A woman filed a lawsuit against Saginaw, Michigan after she racked up 15 parking tickets.

A common practice used by parking enforcement officers across the country violates the U.S. Constitution, an appellate court ruled this week.

The problem is the chalking of car tires to keep track of how long a car is parked in a certain spot.

A woman challenged the Michigan city of Saginaw’s chalking practices in 2017 after her tires were marked 15 different times in three years—and each time she received a ticket. Lawyers representing Alison Taylor argued that the officer marking her tires with chalk amounted to unreasonable searches prohibited by the Fourth Amendment.
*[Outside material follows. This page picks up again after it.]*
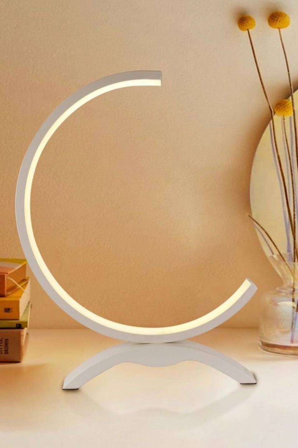 Lampada dal design moderno con forma di cerchio aperto mezzaluna. Particolarmente indicata per ambienti moderni da posizionare su scrivanie, mobiletti bassi o in camera da letto.

A panel of three judges on the 6th U.S. Circuit Court of Appeals agreed, finding that the marks indeed were a search and that no exception exists to allow this to happen without a warrant. “The City does not demonstrate, in law or logic, that the need to deter drivers from exceeding the time permitted for parking—before they have even done so—is sufficient to justify a warrantless search under the community caretaker rationale,” wrote Judge Bernice Bouie Donald.

Saginaw officials have not commented on the decision. But officials in nearby Bay City told MLive.com that they would immediately halt the practice of marking tires with chalk. The appeals court covers Michigan, Ohio, Tennessee and Kentucky.

The Tampa Bay Times reported that even though Florida is not included in the 6th Circuit, the city of Tampa has decided to stop chalking and will just use its electronic methods to monitor parked cars. Officials with other jurisdictions, like St. Petersburg, said they saw no reason to switch things up. "Chalking tires has been used for over 60 years … and is widely-used across the country as a non-invasive way to keep track of overtime parking," a city spokesman told the newspaper.

Orin Kerr, a law professor at the University of Southern California, wrote on Reason’s Volokh Conspiracy blog that he wasn’t sure the decision was correctly decided, but advised city officials to take note.

He also raised the question if the possible end of chalk marks wouldn't be a big deal in the age of the smart phone, when officers can easily take time-stamped photos of a parked car. “It may be more complicated or expensive than chalking, but it avoids the Fourth Amendment concern by just observing what is in public without any physical attachment to property,” Kerr wrote.

Laura Maggi is the Managing Editor of Route Fifty.